More on open notebooks
I recently posted about what an open notebook in software science might look like. I think I confused life stream (where life == work
with notebook. From what I’ve seen looking at projects like OpenWetWare, they seem more like Trac or Github then a friendfeed account. You get a wiki to write on, image handling, etc., but it isn’t automated: you have to enter all the data yourself.
This is incredibly useful, but am I right in thinking it is similar to tools software engineers have known for decades? It seems like the innovations are in collaborative editing, version control, and digital data.

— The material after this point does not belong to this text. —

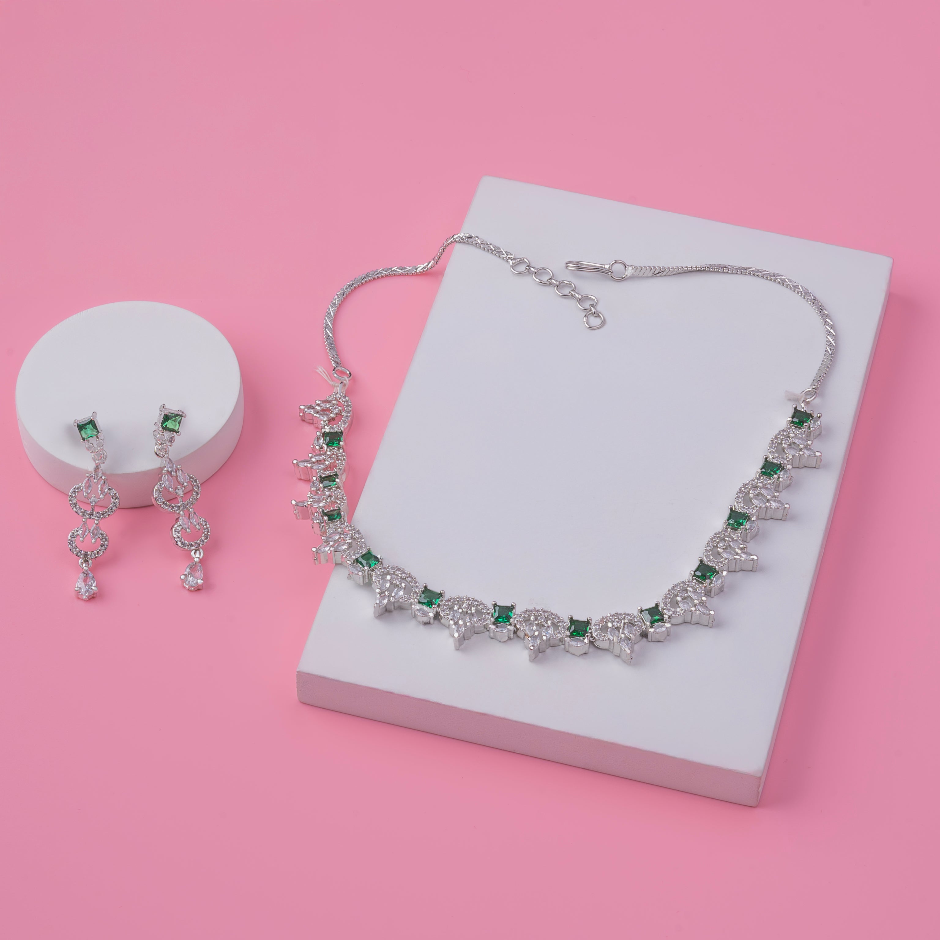 Product Description : Rhodium plated silver American diamond Necklace jewelry set with Earrings.

What I was imagining was more automatic: whenever your microarray machine ran an experiment, it would auto-enter the results on your open notebook. Similarly for code you might run for statistical analysis (like the R workspace question I raised earlier).
I like the idea of ‘recording’ what you HAVE done (not what you will do, which is more brainstroming, mind-mapping, whiteboarding etc.). It is a very important part of selfish science, which is to say, self-replication (presumably the sine qua non of scientific reproducibility). Here are a few features I think are useful for personal lab notes:
- A wiki with dates.
- Separate entries.
- Graphviz-Dot conversion.
- Semantic markup.
- Inline photos.
- Inline LateX
I’m not saying these notebooks have no value: clearly they do. But I think there is a lot more that could be done with the concept. Particularly using linked data (oh noes! the semantic web!) to import other researchers’ results.
What we really want is a list of steps – some small ‘unit of science’ that can be repeated. We should show this using process models, so we can model loops, branches, and possibly execute them, recompose them. Google Wave is touted as the best thing for this, and I think it’s true. SAP has a version of its business process editor in Wave, and Google itself sees a need for it. Its collaboration feature is useful, but I don’t think it is the real advantage – yet. Right now, Wave’s support for version control (well, history) and its ability to incorporate agents/bots and arbitrary Javascript extensions is more useful. For example, someone has written ‘Watexy’, a Wave bot which can interpret Latex equations.
It’s truly an exciting time to be working in science.